I wasn’t ready to give up yet. We had other guns with us, but none as powerful as the ones that had just been confiscated. “We have children,” I explained, and pointed to our cars. “And we still have a long way to go. Those guns have saved our lives more than once already.”
“Yeah, but how many lives have they taken?”
“Just the one you saw,” I replied. OneZero’s kill didn’t count. “You really want to leave us defenseless on the open road with two women and three children?”

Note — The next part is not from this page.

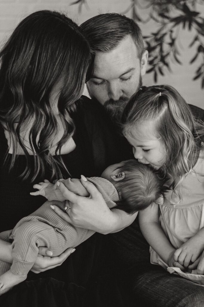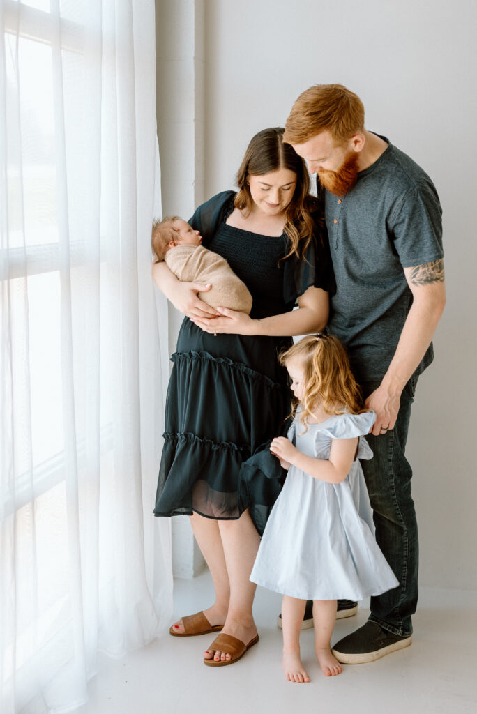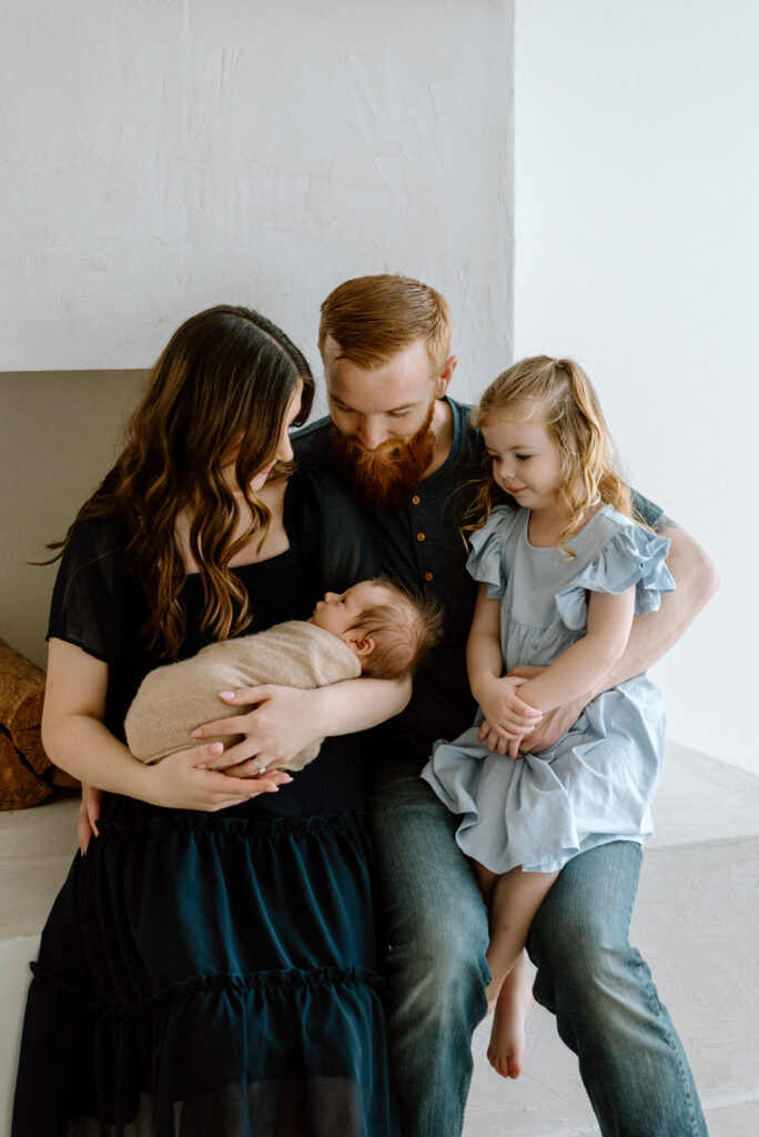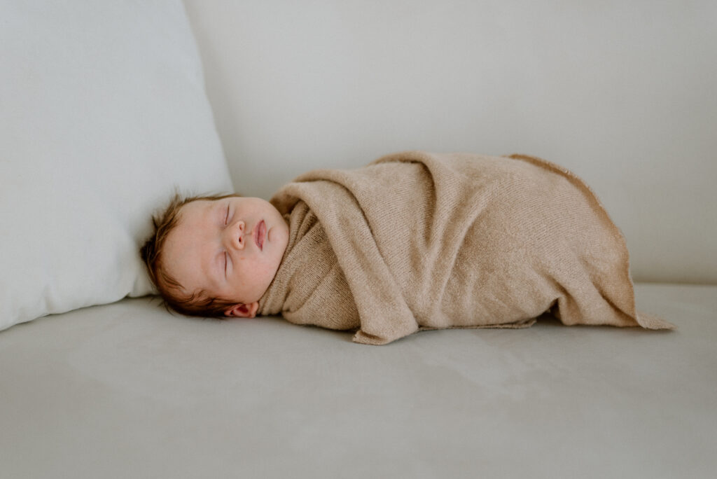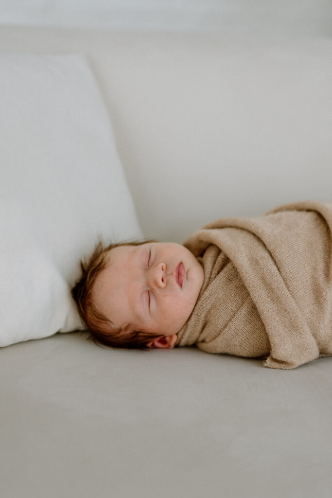 We started with him in a simple outfit, capturing those early details and connection with mom, dad, and big sister. Then I gently wrapped him in one of my go-to neutral beige swaddles.

The soldier just shook his head. “You want to stay safe? You can tag along behind one of our vehicles in the morning. I’ll get you set up with an escort if I can. We have convoys heading South, West, and East, so take your pick. Where are you headed?”
“Memphis.”
The man’s eyebrows darted up and beetled together. He reached up to scratch an itch under the brim of his army hat. “Why Memphis?” he asked slowly.
“We have family there,” I lied.
“Well, you’re in luck. What’s left of my platoon is headed there, too.”
The coincidence made me suspicious. “Why Memphis?”
“Because that’s where the president is, and she’s recalled six whole divisions to protect the city.”
I frowned. “The president? I thought DC was wiped out.”
“It was. That doesn’t mean the president was sitting in the White House when it happened.”